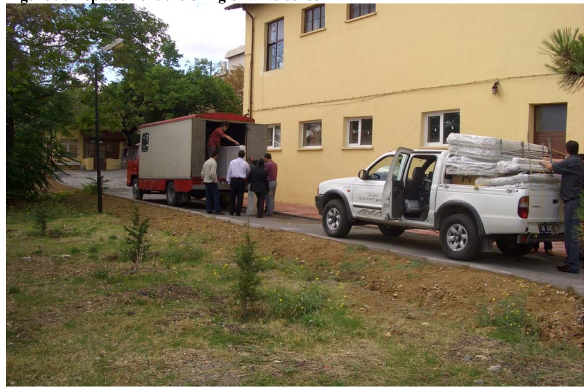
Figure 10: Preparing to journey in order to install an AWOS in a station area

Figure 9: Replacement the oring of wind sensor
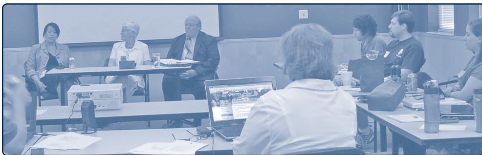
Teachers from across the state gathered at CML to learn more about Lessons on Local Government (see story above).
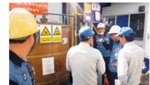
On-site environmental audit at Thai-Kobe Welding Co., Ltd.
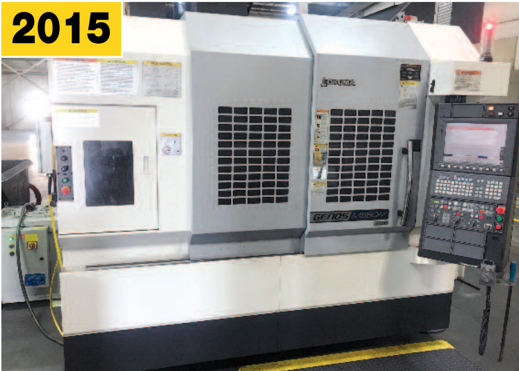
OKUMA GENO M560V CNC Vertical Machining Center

★ ★ ★ ★

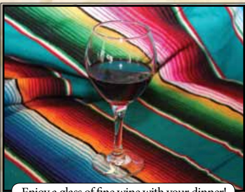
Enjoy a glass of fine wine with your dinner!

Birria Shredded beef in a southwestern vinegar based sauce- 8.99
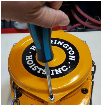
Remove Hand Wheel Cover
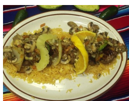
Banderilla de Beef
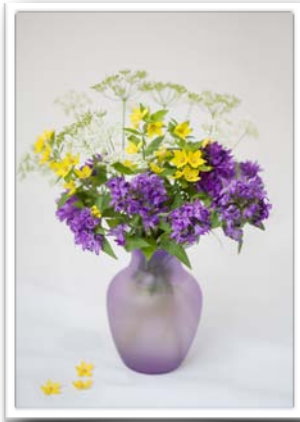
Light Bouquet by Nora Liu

★ ★ ★ ★

● **What to work on**
Beginning at the line that has "On-site environmental audit" and ending at the line that has "OKUMA GENO M560V", restate the listing above word for word, pictures left out.

● **Result**
On-site environmental audit at Thai-Kobe Welding Co., Ltd.
OKUMA GENO M560V CNC Vertical Machining Center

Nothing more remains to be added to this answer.